Parsing instructions are part of the llamaParse API. They can be accessed by directly specifying the parsing_instruction parameter in the API or by using the LlamaParse python module (which we will use for this tutorial).

To install llama-parse, just get it from PIP:

In [None]:
%pip install llama-parse -q

## API key

The use of LlamaParse requires an API key which you can get here: https://cloud.llamaindex.ai/parse

In [None]:
# import os
# os.environ["LLAMA_CLOUD_API_KEY"] = "llx-..."

## Async (Notebook only)
llama-parse is async-first, so running the code in a notebook requires the use of nest_asyncio


In [None]:
import nest_asyncio

nest_asyncio.apply()

## Import the package

In [None]:
from llama_parse import LlamaParse

## Using llamaparse for getting better results (on Manga!)

Sometimes the layout of a page is unusual and you will get sub-optimal reading order results with LlamaParse. For example, when parsing manga you expect the reading order to be right to left even if the content is in English!

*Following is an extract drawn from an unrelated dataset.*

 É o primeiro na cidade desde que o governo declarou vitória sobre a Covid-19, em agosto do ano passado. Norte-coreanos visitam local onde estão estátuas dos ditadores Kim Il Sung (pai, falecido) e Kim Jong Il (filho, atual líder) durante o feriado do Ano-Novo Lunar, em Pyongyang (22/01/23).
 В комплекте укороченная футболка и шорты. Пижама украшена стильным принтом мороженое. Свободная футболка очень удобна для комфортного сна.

Let's download an extract of a great manga "The manga guide to calculus", by Hiroyuki Kojima (https://www.amazon.com/Manga-Guide-Calculus-Hiroyuki-Kojima/dp/1593271948)



In [None]:
!mkdir manga
!wget "https://drive.usercontent.google.com/uc?id=1tZJhcpepLRdQFJFCFX50QIqLyLgqzZsY&export=download" -O ./manga/manga.pdf

### Without parsing instructions
For the sake of comparison, let's first parse without any instructions.

In [None]:
vanilaParsing = LlamaParse(result_type="markdown").load_data("./manga/manga.pdf")

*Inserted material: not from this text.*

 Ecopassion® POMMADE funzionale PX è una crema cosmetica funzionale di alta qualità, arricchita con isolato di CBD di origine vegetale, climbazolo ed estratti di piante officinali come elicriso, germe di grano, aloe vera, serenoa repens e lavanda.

As you can see below, LlamaParse is not doing a great job here. It is interpreting the grid of comic panels as a table, and trying to fit the dialogue into a table. It's very hard to follow.

In [None]:
with open("./mds/parsed.md", "w") as f:
    f.write(vanilaParsing[0].text)

**Vanilla Parsed**

![image.png](attachment:f6443186-86a0-4698-893e-f8a7d9cc71cb.png)

### Using parsing instructions
Let's try to parse the manga with custom instructions:

"The provided document is a manga comic book. Most pages do NOT have title. It does not contain tables. Try to reconstruct the dialogue happening in a cohesive way."

To do so just pass the parsing instruction as a parameter to LlamaParse:

In [None]:
parsingInstructionManga = (
    "The provided document is a manga comic book, most pages do NOT have title. "
    "It does not contain tables. Try to reconstruct the dialog happening in a cohesive way."
)
withInstructionParsing = LlamaParse(
    result_type="markdown",
    parsing_instruction=parsingInstructionManga
).load_data("./manga/manga.pdf")

**Instruction Parsed**

![image.png](attachment:bad43438-26bb-47f4-b998-37dd343efdc9.png)

Let's see how it compare with page 3! We encourage you to play with the target page and explore other pages. As you will see, the parsing instruction allowed LlamaParse to make sense of the document!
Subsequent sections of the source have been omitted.